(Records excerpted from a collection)

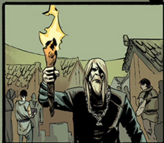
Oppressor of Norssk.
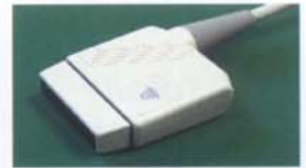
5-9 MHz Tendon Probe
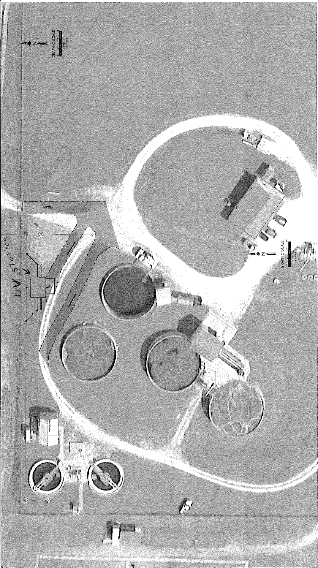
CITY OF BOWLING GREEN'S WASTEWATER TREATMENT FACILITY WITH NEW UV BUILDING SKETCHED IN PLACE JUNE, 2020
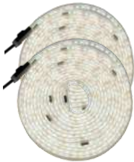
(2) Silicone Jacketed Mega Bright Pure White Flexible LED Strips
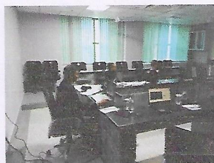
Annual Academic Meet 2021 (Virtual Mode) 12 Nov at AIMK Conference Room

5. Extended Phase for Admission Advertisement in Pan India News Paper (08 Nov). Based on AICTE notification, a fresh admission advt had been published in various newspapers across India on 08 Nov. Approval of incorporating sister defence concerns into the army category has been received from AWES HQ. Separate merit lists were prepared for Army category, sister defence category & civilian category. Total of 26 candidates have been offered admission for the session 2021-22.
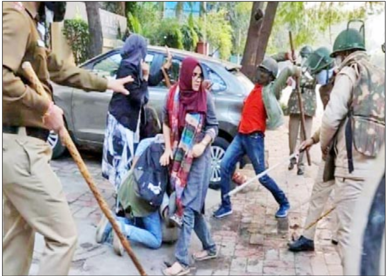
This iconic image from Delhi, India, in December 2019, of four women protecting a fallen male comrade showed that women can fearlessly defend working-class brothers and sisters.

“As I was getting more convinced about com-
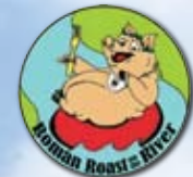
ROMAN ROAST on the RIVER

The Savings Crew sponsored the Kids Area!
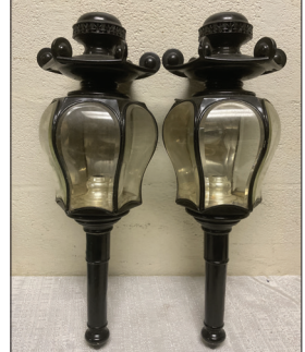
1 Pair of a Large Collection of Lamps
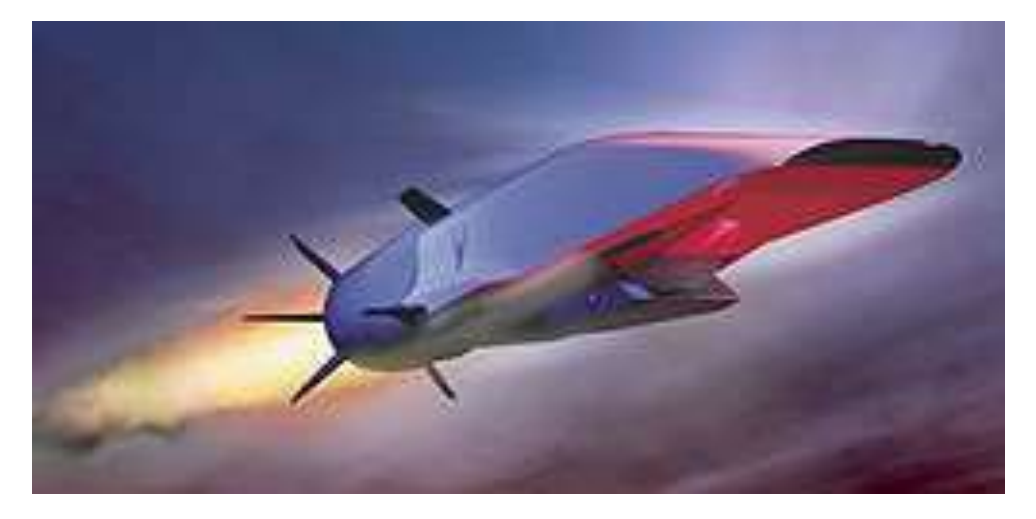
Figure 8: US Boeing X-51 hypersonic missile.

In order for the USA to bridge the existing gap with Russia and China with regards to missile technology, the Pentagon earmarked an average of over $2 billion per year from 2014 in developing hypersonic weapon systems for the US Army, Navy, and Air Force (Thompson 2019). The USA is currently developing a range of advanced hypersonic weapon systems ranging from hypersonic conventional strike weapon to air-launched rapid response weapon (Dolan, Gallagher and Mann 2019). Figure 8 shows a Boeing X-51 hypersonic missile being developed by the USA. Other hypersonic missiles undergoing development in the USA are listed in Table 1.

---

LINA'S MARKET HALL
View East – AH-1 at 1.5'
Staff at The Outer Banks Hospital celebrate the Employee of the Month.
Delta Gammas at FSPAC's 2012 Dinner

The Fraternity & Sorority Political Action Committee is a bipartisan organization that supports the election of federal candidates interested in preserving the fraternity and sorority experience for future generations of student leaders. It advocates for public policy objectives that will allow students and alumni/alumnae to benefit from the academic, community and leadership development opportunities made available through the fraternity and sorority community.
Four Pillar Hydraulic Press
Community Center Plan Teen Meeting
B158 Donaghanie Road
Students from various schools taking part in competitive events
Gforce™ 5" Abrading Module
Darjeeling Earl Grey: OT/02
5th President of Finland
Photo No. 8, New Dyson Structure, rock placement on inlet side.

...

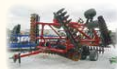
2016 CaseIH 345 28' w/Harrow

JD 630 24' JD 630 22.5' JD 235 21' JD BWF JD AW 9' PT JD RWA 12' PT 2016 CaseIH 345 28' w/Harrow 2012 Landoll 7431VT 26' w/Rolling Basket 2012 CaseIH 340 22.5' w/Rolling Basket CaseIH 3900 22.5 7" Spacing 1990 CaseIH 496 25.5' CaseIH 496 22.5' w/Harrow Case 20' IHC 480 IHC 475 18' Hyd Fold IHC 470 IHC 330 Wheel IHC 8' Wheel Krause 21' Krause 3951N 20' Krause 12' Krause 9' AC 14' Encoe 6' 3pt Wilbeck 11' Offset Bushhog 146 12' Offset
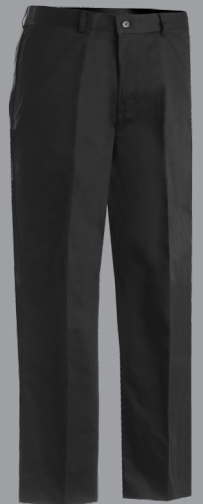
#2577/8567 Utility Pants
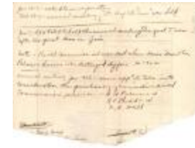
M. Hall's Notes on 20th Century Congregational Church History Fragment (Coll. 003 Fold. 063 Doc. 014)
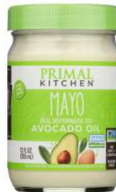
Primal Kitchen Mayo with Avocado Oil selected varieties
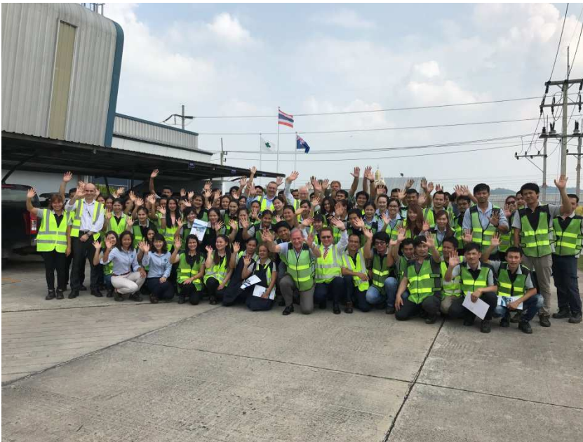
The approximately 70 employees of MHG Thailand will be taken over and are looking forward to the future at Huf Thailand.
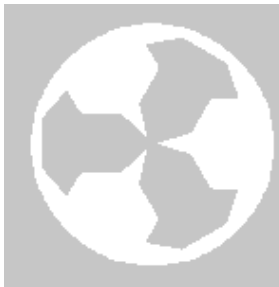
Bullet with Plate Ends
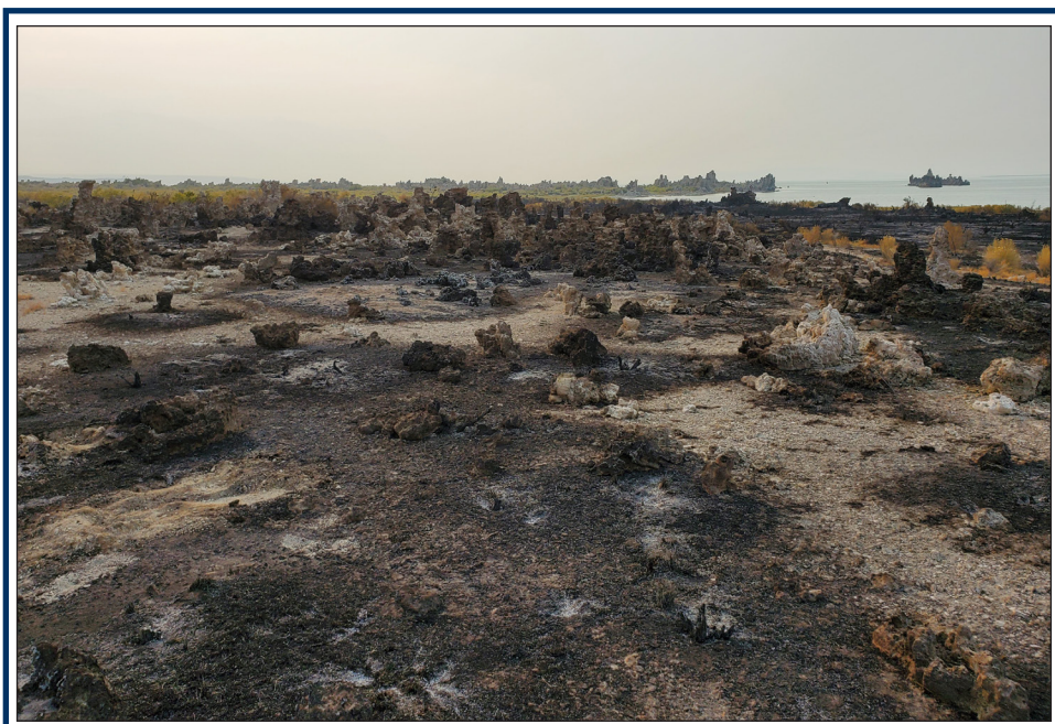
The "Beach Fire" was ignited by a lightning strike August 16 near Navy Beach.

● Exercise requirements
Return, unchanged, the run of lines above that opens with the line containing "Community Center Plan Teen Meeting" and closes with the line containing "Photo No. 8, New". Include both.

● Response to this task
Community Center Plan Teen Meeting
B158 Donaghanie Road
Students from various schools taking part in competitive events
Gforce™ 5" Abrading Module
Darjeeling Earl Grey: OT/02
5th President of Finland
Photo No. 8, New Dyson Structure, rock placement on inlet side.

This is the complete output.